Functional Gene Correction for Cystic Fibrosis in Lung Epithelial Cells Generated from Patient iPSCs.

Firth AL, Menon T, Parker GS, Qualls SJ, Lewis BM, Ke E, Dargitz CT, Wright R1, Khanna A, Gage FH, Verma IM
Source: Cell Rep
Publication Date: (2015)
Issue: 12(9): 1385-1390
Research Area:
Stem Cells
Gene Expression
Basic Research
Cells used in publication:
Induced Pluripotent Stem Cell (iPS), human
Species: human
Tissue Origin:
Nucleofection of iPSC: Adherent cells were dissociated using Tryple (Gibco), centrifuged and resuspended in TeSR containing 10µM ROCK inhibitor, Y27632. 1×106 cells were resuspended in 100µl of Lonza® Nucleofection solution (according to manufacturer’s protocol). The following amounts of DNA were added; Cas9 2µg, gRNA 2 µg, PBHR 5µg, pmaxGFP 2µg, and/or PiggyBac Transposase 2.5µg in the required experimental combination. The samples were then nucleofected using the B-16 protocol on the device. After nucleofection, TeSR was added and cells transferred to a 6-well Matrigel-coated plate. After 24–48 hours of incubation, the nucleofected iPSC were split onto 10cm MEF plates at single-cell density for colony screening or harvested for genomic DNA analysis. PiggyBac Transposase Nucleofection (excision): Excision of the integrated selection cassette from corrected clones was done by overexpressing piggyBac transposase in clonal iPSC lines expressing puromycin resistance and sensitivity to ganciclovir. 4µg of various piggyBac transposase vectors (System Biosciences) were nucleofected into 1×106 iPSC using the Amaxa Nucleofector Device as described above, followed by selection with 3µg/ml ganciclovir to eliminate unexcised cells.

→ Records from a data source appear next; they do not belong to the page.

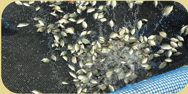
Pearl spot fingerlings in cages

There is huge demand for the seeds of Pearl spot, the state fish of Kerala. In addition to producing seeds in the hatcheries, KVK has also taken steps to collect seeds from wild. In this connection, an FLD on Demonstration of Pearl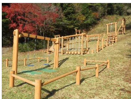
森林環境譲与税で整備した木製遊具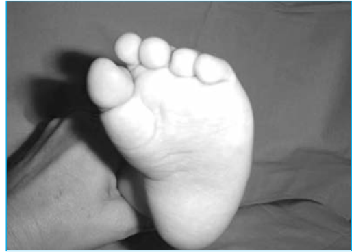
Figura 6. Pie metatarso varo

En la radiografía se observa el astrágalo vertical, paralelo a la tibia y el calcáneo en equino.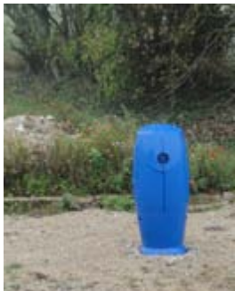
Borne à incendie de réserve

Le château d'eau de la commune ne sera plus utilisé pour la distribution de l'eau potable mais servira de réserve incendie avec le raccordement d'un poteau d'incendie qui se situera Rue de Châlons. L'ancienne réserve incendie située en centre du village a fait l'objet de travaux de remplacement de la dalle de couverture. La défense incendie est donc constituée de ces deux réserves et les anciens poteaux d'incendie ont été retirés. Pour une raison technique de distance entre la réserve et l'extrémité du village, un nouveau poteau a été mis en place Rue de Châlons. La couleur bleue, et non rouge, de ce poteau indique aux pompiers qui seraient amenés à intervenir que ce poteau n'est pas raccordé au réseau public mais à une réserve.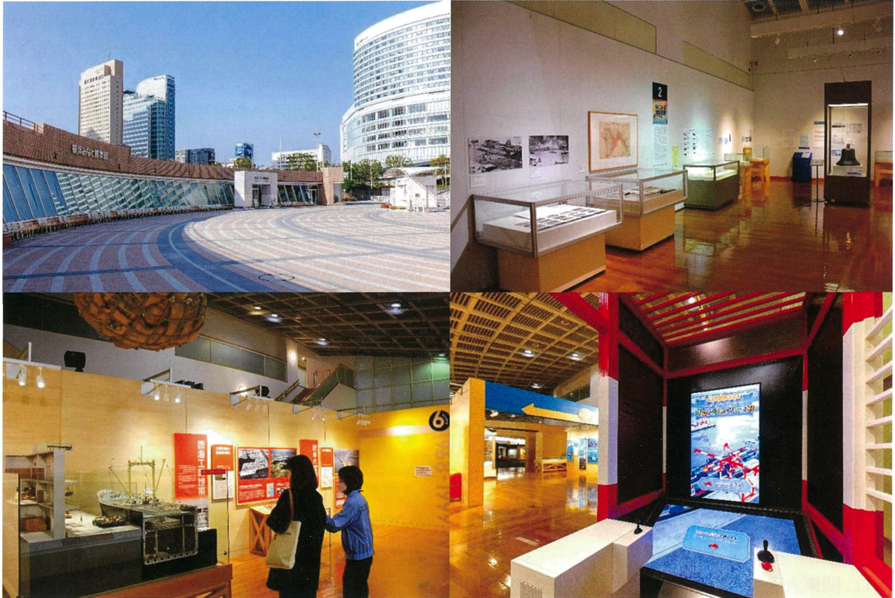
(左上) 横浜みなと博物館外観 / (右上) 企画展「関東大震災 100年 船と港から見た関東大震災」展示風景 (左下) 再開した展示案内ボランティアによる案内風景 / (右下) 新しく導入されたガントリークレーンシミュレーター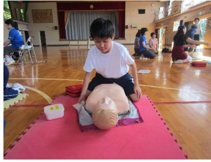
特に怖がることもなく、人形とご対面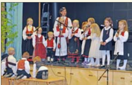
En flott dag trenger en verdig avslutning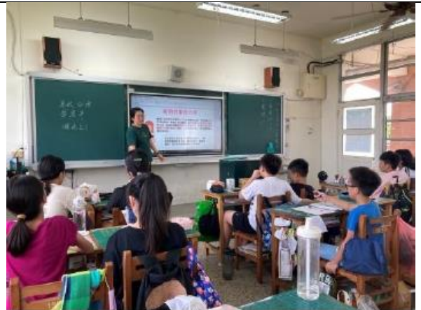
(兩性關係宣導-過度追求)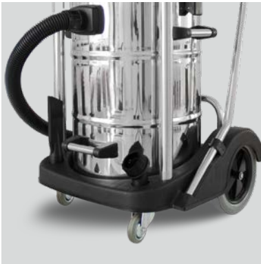
Châssis robuste avec rangement pour accessoires.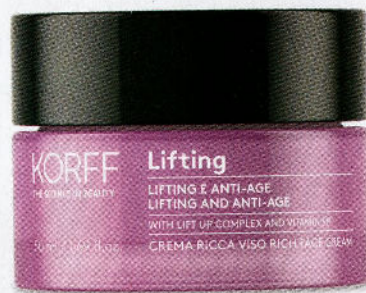
Lift Up Complex e niacinamide distendono i tratti e compattono i tessuti, Crema Ricca Viso Lifting 40-76 Korff (69 euro).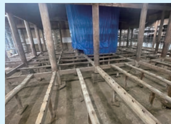
柱と骨組みだけになった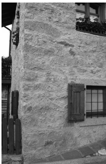
Su edificio risanato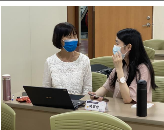
學生與顧問診諮詢情形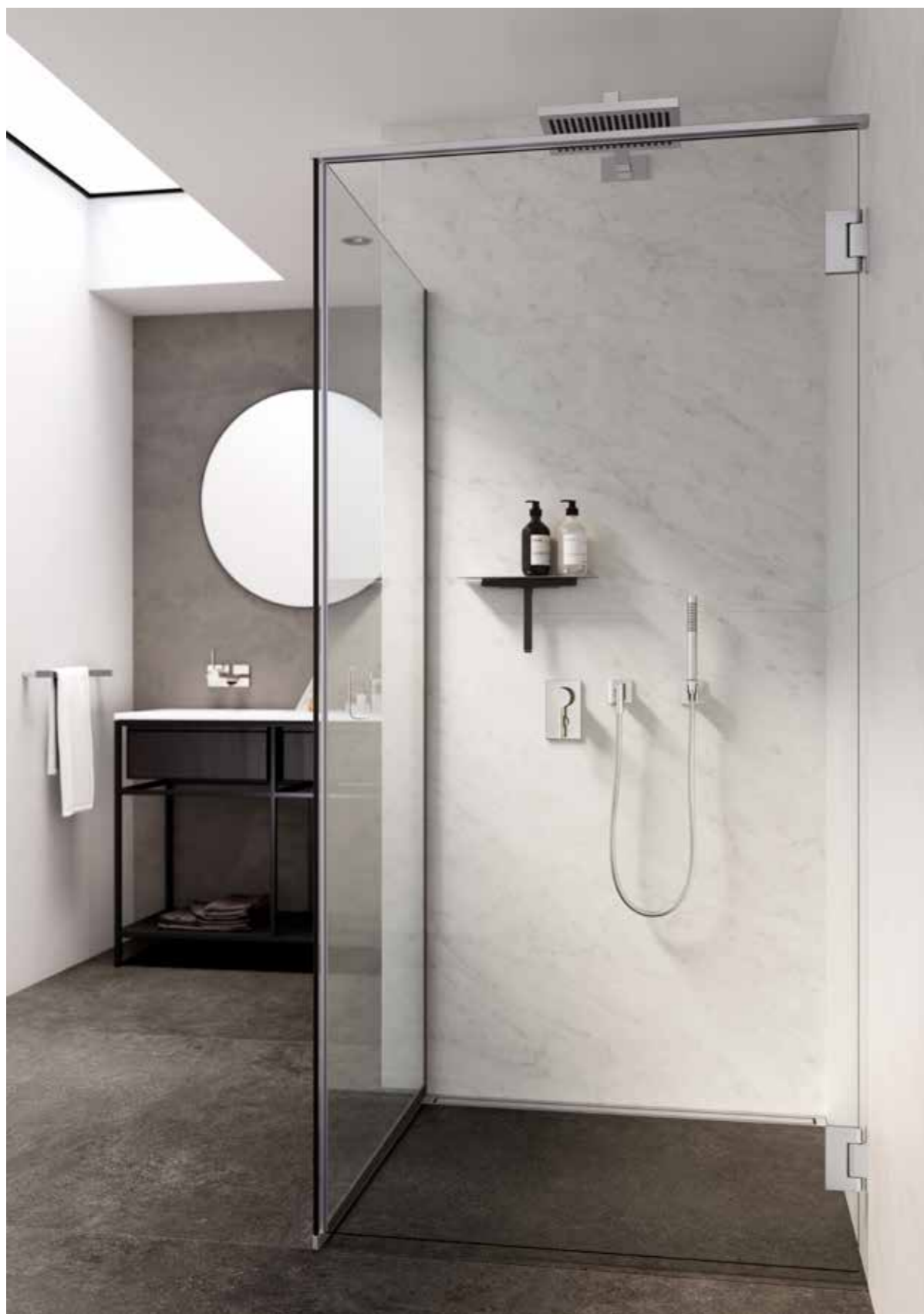
Sprchové dveře GlassLine, horní kolejnice | Ocel Podlahový odtok HighLine | Panel s rámečkem

Lung disease is a major cause of death in the United States, with current therapeutic approaches serving only to manage symptoms. The most common chronic and life-threatening genetic disease of the lung is cystic fibrosis (CF) caused by mutations in the cystic fibrosis transmembrane regulator (CFTR). We have generated induced pluripotent stem cells (iPSCs) from CF patients carrying a homozygous deletion of F508 in the CFTR gene, which results in defective processing of CFTR to the cell membrane. This mutation was precisely corrected using CRISPR to target corrective sequences to the endogenous CFTR genomic locus, in combination with a completely excisable selection system, which significantly improved the efficiency of this correction. The corrected iPSCs were subsequently differentiated to mature airway epithelial cells where recovery of normal CFTR expression and function was demonstrated. This isogenic iPSC-based model system for CF could be adapted for the development of new therapeutic approaches.